Research
Cognica is built on published mathematical foundations. Every feature is derived from first principles, not engineering heuristics.
Mathematical Framework
A progression from algebraic foundations through probabilistic calibration to neural computation theory.
Industry Adoption
Bayesian BM25 has been adopted by leading search and retrieval frameworks.
Apache Lucene
The most widely used open-source search library. Bayesian BM25 integrated as a core scoring option.
MTEB Baseline
Massive Text Embedding Benchmark adopted Bayesian BM25 as the official baseline for retrieval evaluation.
Vespa.ai
Yahoo's large-scale serving engine. Bayesian BM25 included as an official rank profile example.
txtai
All-in-one embeddings database. Added Bayesian BM25 for probabilistic hybrid search pipelines.
Publications
A Unified Mathematical Framework for Query Algebras Across Heterogeneous Data Paradigms
Establishes posting lists as a universal mathematical abstraction that unifies relational, full-text, and vector search paradigms. Proves compositional completeness via Boolean algebra.
Extending the Unified Mathematical Framework to Support Graph Data Structures
Extends the unified algebra to graph operations, proving that graph traversal and pattern matching preserve algebraic completeness across all paradigms.
Bayesian BM25: A Probabilistic Framework for Hybrid Text and Vector Search
Transforms BM25 scores into calibrated probabilities using Bayesian inference with sigmoid likelihood. Enables principled hybrid search without RRF or ad-hoc normalization.
From Bayesian Inference to Neural Computation
Derives feedforward neural network structure from first-principles Bayesian inference. Shows sigmoid, ReLU, Swish, and GELU emerge from different probabilistic questions.
Vector Scores as Likelihood Ratios: Index-Derived Bayesian Calibration for Hybrid Search
Develops Bayesian calibration for vector similarity scores using distributional statistics from ANN index construction. Completes probabilistic unification of sparse and dense retrieval.
Answer Bandwidth: Why Sigmoid Fails in Hidden Layers
Identifies answer bandwidth compression as the fundamental mechanism behind sigmoid failure in hidden layers: sigmoid's bounded output destroys representational capacity independently of gradient flow.
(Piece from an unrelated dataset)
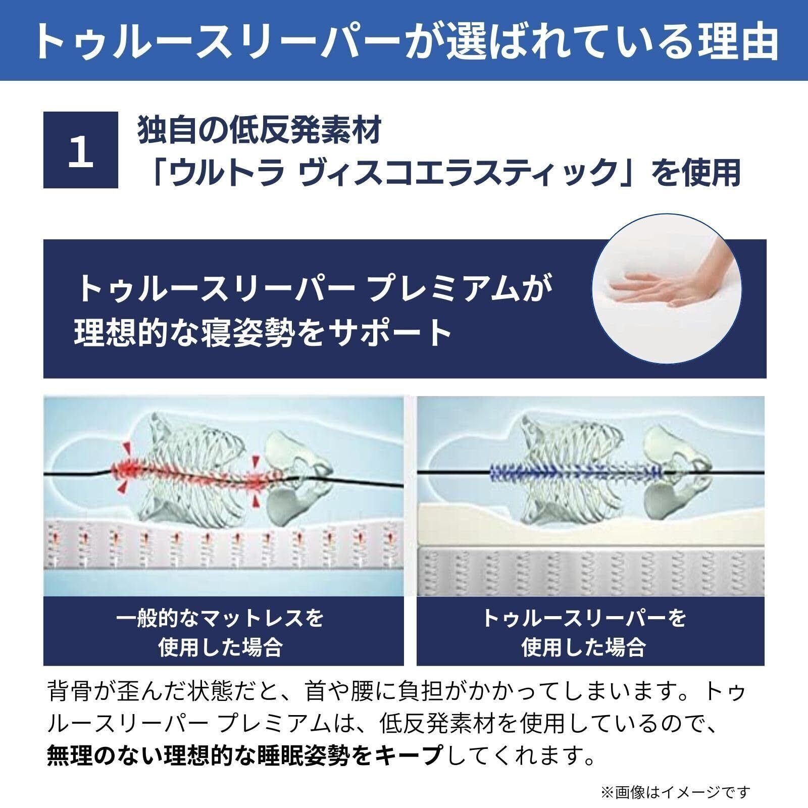 【無理のない睡眠姿勢をサポート】トゥルースリーパーは独自の低反発素材を使用しているので、体のラインに合わせて、隙間を埋めてフィット。体全体を優しく包み込み、無理のない寝姿勢をサポートしてくれます。快適に眠れて、朝の目覚めもスッキリです。

Provides a new explanation beyond vanishing gradients.
Bridges information retrieval and neural inference: applies Block-Max WAND to skip negligible neurons during forward passes. Derives per-neuron activation bounds with zero hyperparameters using exponential priors for ReLU activations.
Product of Experts as Scalable Local Learning: Modular Construction at 1.3B Parameters
Validates Product of Experts as a principled local learning framework at 1.3B production scale, eliminating backpropagation's global state dependency. Clustered PoE on 1.3B GPT shows a 6.52% BPB gap at r=20 from-scratch versus matched BP, while delivering six modularity pillars unattainable under backpropagation: training-time modularity via detached per-stage losses, inference-time composability across compute tiers, post-hoc specialist attachment without retraining, base preservation under SFT, composable quality gains via log-space parallel composition, and heterogeneous specialist ecosystems. Stage 1 alone (25% compute) achieves 87.5% of full-model factual accuracy; WAND adaptive pruning delivers 1.82x wall-clock at 100% top-1 agreement.
Stage-Partitioned Learning: A Configuration Space Between Backpropagation and Local Learning
Shows that backpropagation and fully local per-layer learning are two extreme points of a single parameterized family C(L) of stage-partitioned training configurations. Each element (pi, H) specifies how the L layers group into K contiguous stages with shared or per-stage output heads, inducing a stage-local loss with gradient detachment between stages. Proves C(L) forms a bounded lattice under partition refinement, with BP at the minimum and fully local at the maximum, and that the intermediate region inherits memory locality and modularity from the local side while preserving end-to-end coherence from the BP side. Identifies the root bottleneck principle: in a chain partition the first-stage representation is a sufficient statistic for all later stages, so any BPB-dominated objective collapses onto the BP endpoint, and dynamic configuration selection must be formulated as Pareto multi-objective optimization over BPB, locality, and capability metrics rather than BPB minimization.
Logit Virtual Machines: Deterministic Database Execution over Neural Natural Parameters
Reframes the database as a deterministic virtual machine over logit-valued relations. A neural model emits logits over instructions, schema, fields, and values; a trainable typed compiler lowers them into VM programs over relational, text, vector, and graph indexes; the database returns logit deltas through a typed ACCUM projection. Logits become executable natural parameters rather than decoding scores, replacing untyped application glue with a deterministic, durable, index-aware memory model for neural computation. Proves closure over the log semiring, recovers classical Boolean query algebra as support projection, and shows that adding database-produced logit deltas to model logits is equivalent, after softmax, to normalized Product-of-Experts aggregation.